§ Directions: Your reply should reproduce all the data below exactly while excluding the pictures.

%%

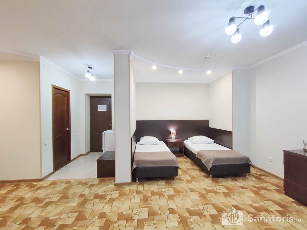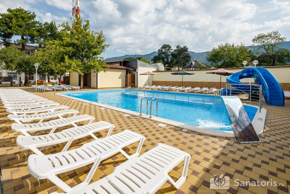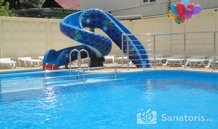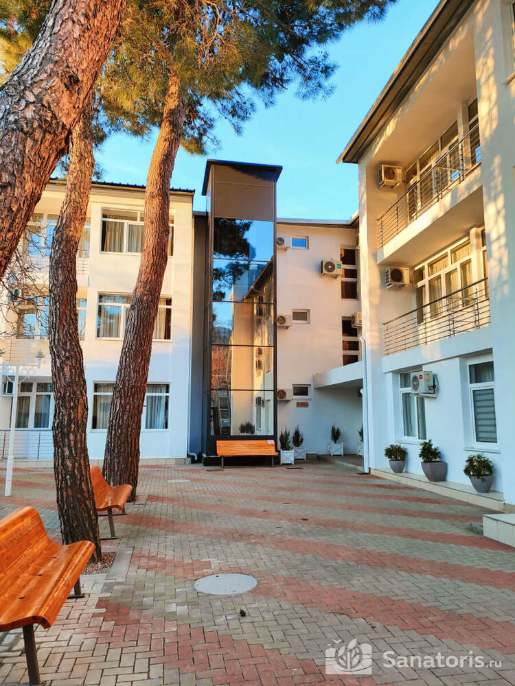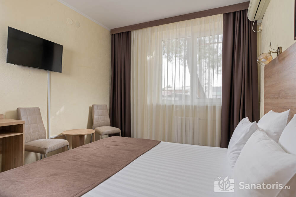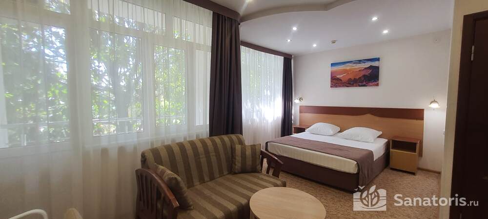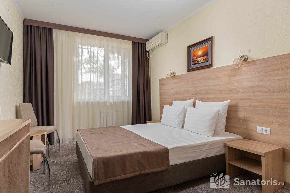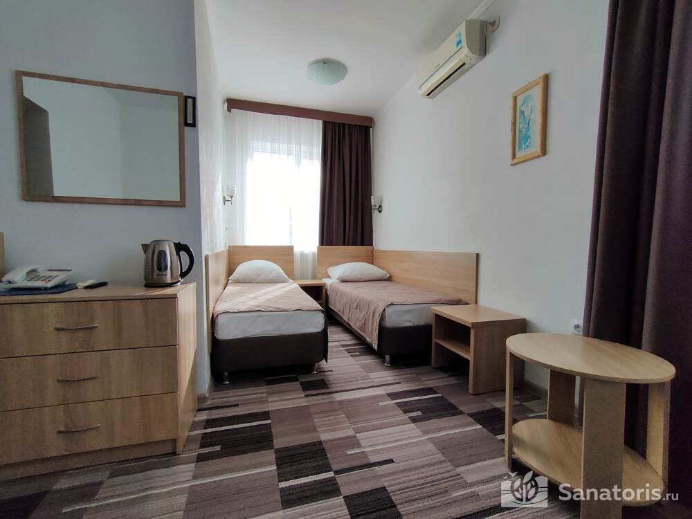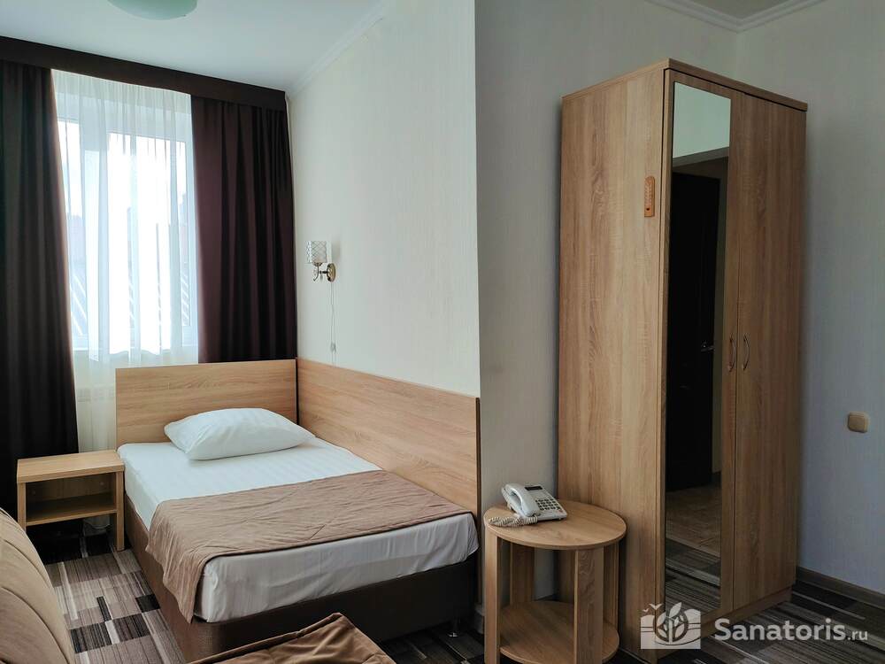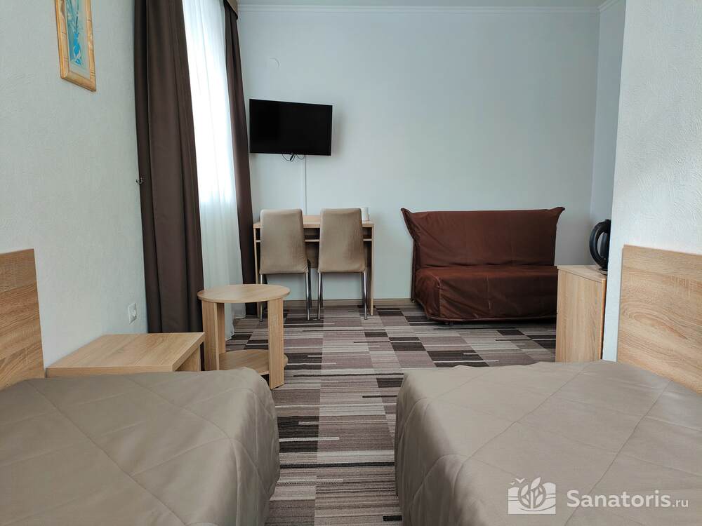 - Большую вместимость комплекса и широкий выбор номеров — постояльцам предоставляется выбор из одно-, двух- и трехместных номеров, находящихся в двух, трехэтажных корпусах, в каждом имеется лифт. Суммарно вместимость пансионата составляет 175 мест.
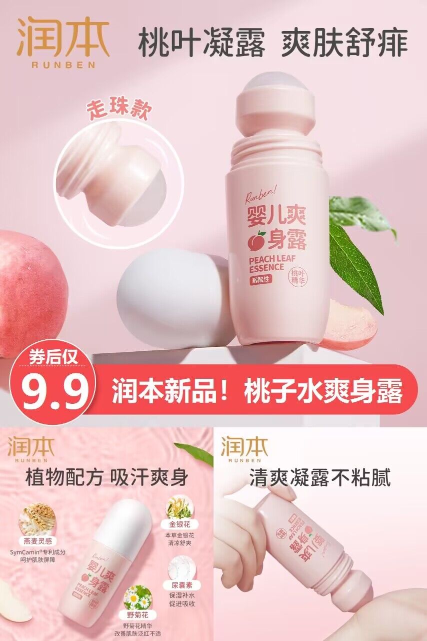 【润本新品!桃子水滚珠爽身露!9.9秒杀】太哇塞了!最.新的滚珠设计,告别痱子粉满天飞!添加桃叶精华+金银花+野菊花!宝宝皮肤干,起痱子,一涂马上好!全是植物精华,成分超安全!洗完澡当身体乳用也可以!
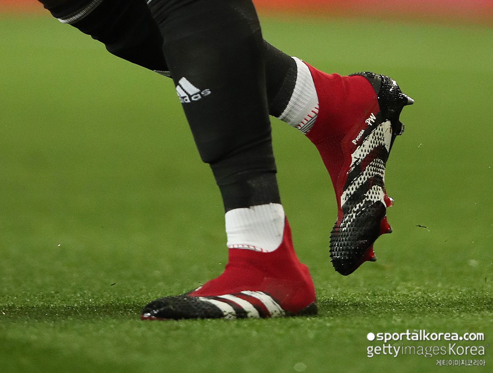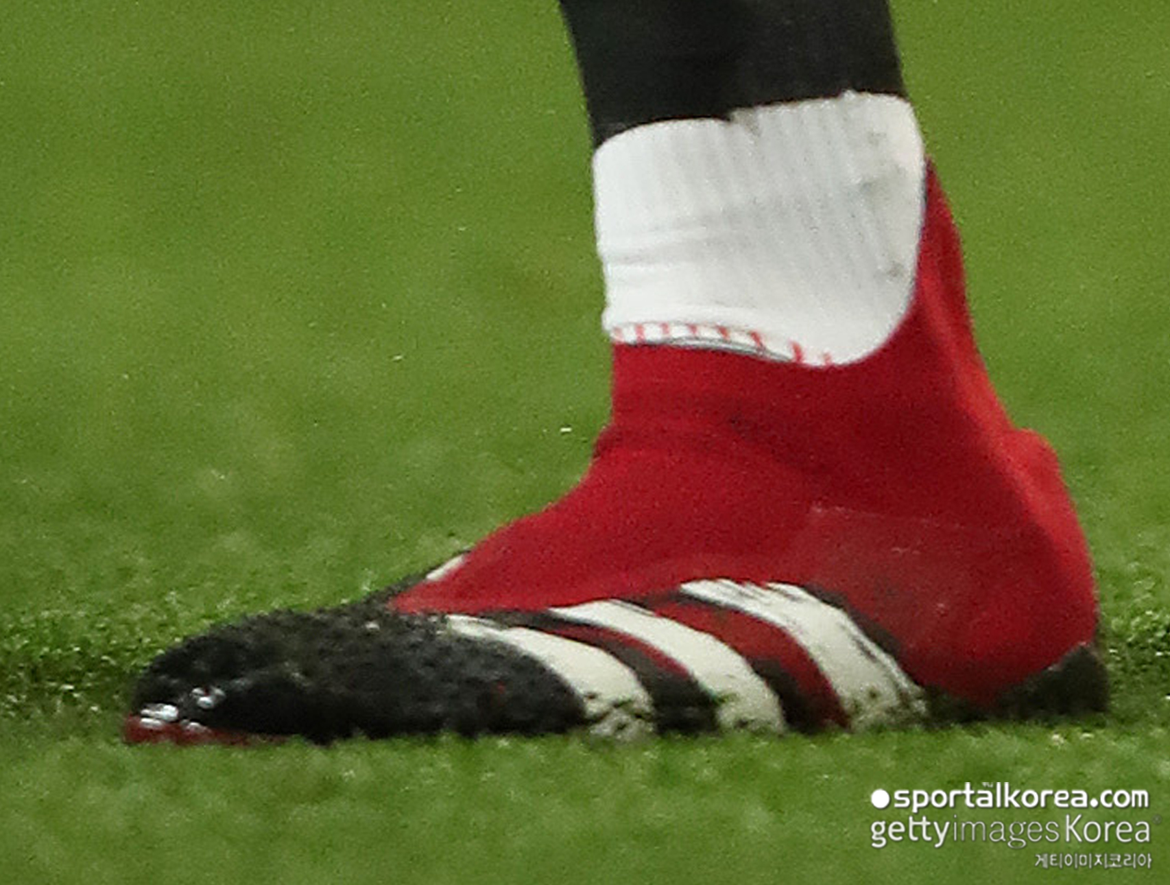 포그바가 기존에 착용했던 프레데터 20+는 발목 칼라가 둥그런 'U'자형으로 제작된 반면에, 이번에 새롭게 착용한 프레데터는 발목 칼라가 'V'자형으로 이루어진 모습입니다.
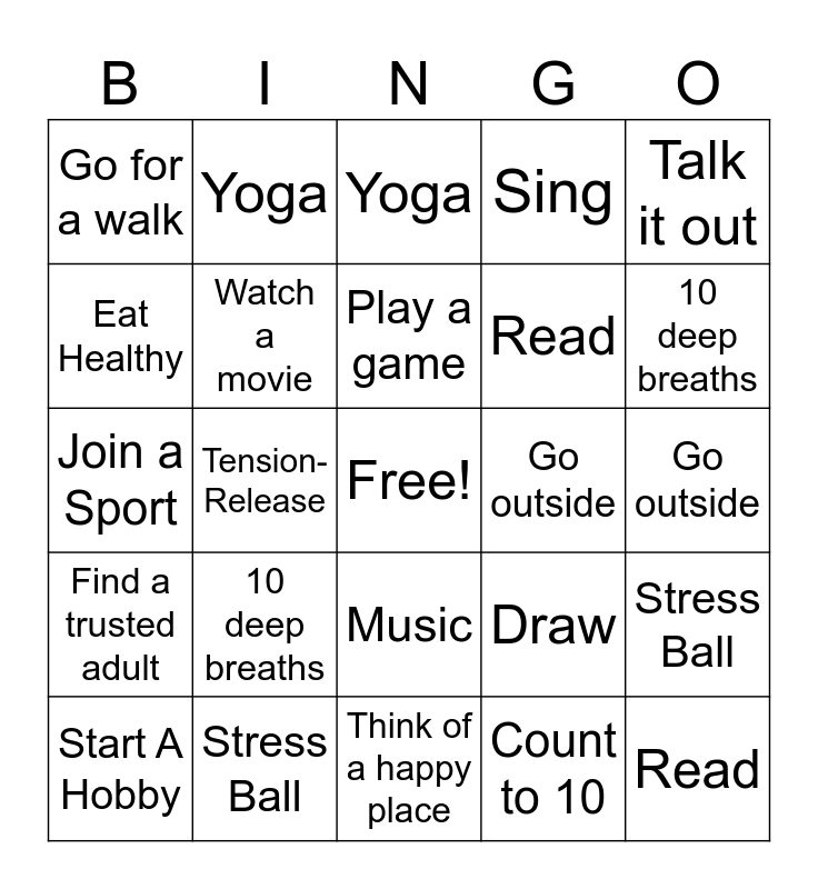 This bingo card has a free space and 50 words: Go for a walk, Read, Walk Away, Think of a happy place, 10 deep breaths, Exercise, Yoga, Music, Eat Healthy, Friends, Watch a movie, Sing, Stress Ball, Draw, Journal, Ask for help, Play a game, Go outside, Pop bubble wrap, Talk it out, Tension-Release, Count to 10, Go for a walk, Read, Walk Away, Think of a happy place, 10 deep breaths, Exercise, Yoga, Music, Eat Healthy, Friends, Watch a movie, Sing, Stress Ball, Draw, Journal, Ask for help, Play a game, Go outside, Pop bubble wrap, Talk it out, Tension-Release, Count to 10, Start A Hobby, Join a Sport, Do something kind, Try something different, Find a trusted adult and Dance.
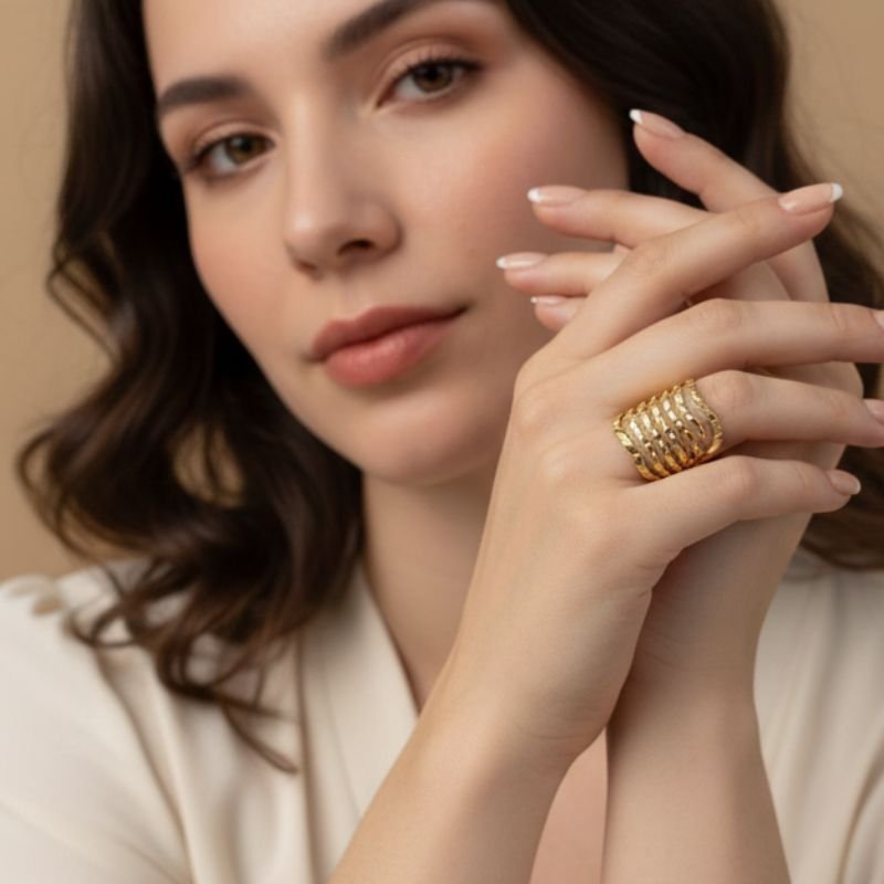 Anel Banhado a Ouro 18k – Impacto e Sofisticação em Uma Peça Única 💛✨
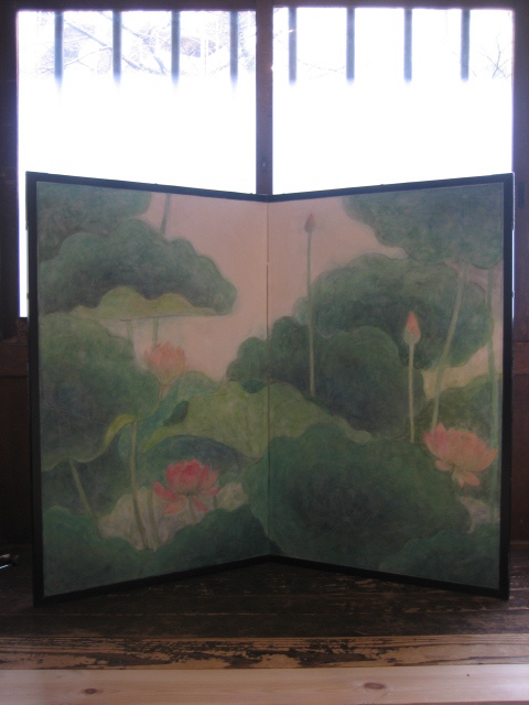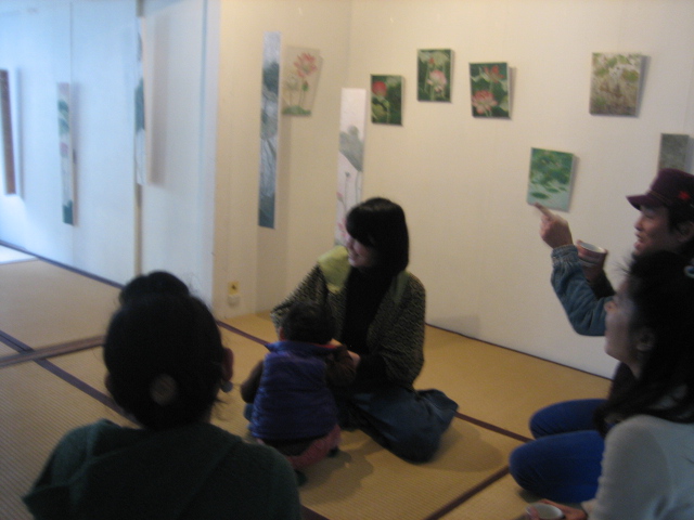 2階から野外につってた枯れ蓮の絵をみていただき、

%%

§ Result of this exercise:
 - Большую вместимость комплекса и широкий выбор номеров — постояльцам предоставляется выбор из одно-, двух- и трехместных номеров, находящихся в двух, трехэтажных корпусах, в каждом имеется лифт. Суммарно вместимость пансионата составляет 175 мест.
 【润本新品!桃子水滚珠爽身露!9.9秒杀】太哇塞了!最.新的滚珠设计,告别痱子粉满天飞!添加桃叶精华+金银花+野菊花!宝宝皮肤干,起痱子,一涂马上好!全是植物精华,成分超安全!洗完澡当身体乳用也可以!
 포그바가 기존에 착용했던 프레데터 20+는 발목 칼라가 둥그런 'U'자형으로 제작된 반면에, 이번에 새롭게 착용한 프레데터는 발목 칼라가 'V'자형으로 이루어진 모습입니다.
 This bingo card has a free space and 50 words: Go for a walk, Read, Walk Away, Think of a happy place, 10 deep breaths, Exercise, Yoga, Music, Eat Healthy, Friends, Watch a movie, Sing, Stress Ball, Draw, Journal, Ask for help, Play a game, Go outside, Pop bubble wrap, Talk it out, Tension-Release, Count to 10, Go for a walk, Read, Walk Away, Think of a happy place, 10 deep breaths, Exercise, Yoga, Music, Eat Healthy, Friends, Watch a movie, Sing, Stress Ball, Draw, Journal, Ask for help, Play a game, Go outside, Pop bubble wrap, Talk it out, Tension-Release, Count to 10, Start A Hobby, Join a Sport, Do something kind, Try something different, Find a trusted adult and Dance.
 Anel Banhado a Ouro 18k – Impacto e Sofisticação em Uma Peça Única 💛✨
 2階から野外につってた枯れ蓮の絵をみていただき、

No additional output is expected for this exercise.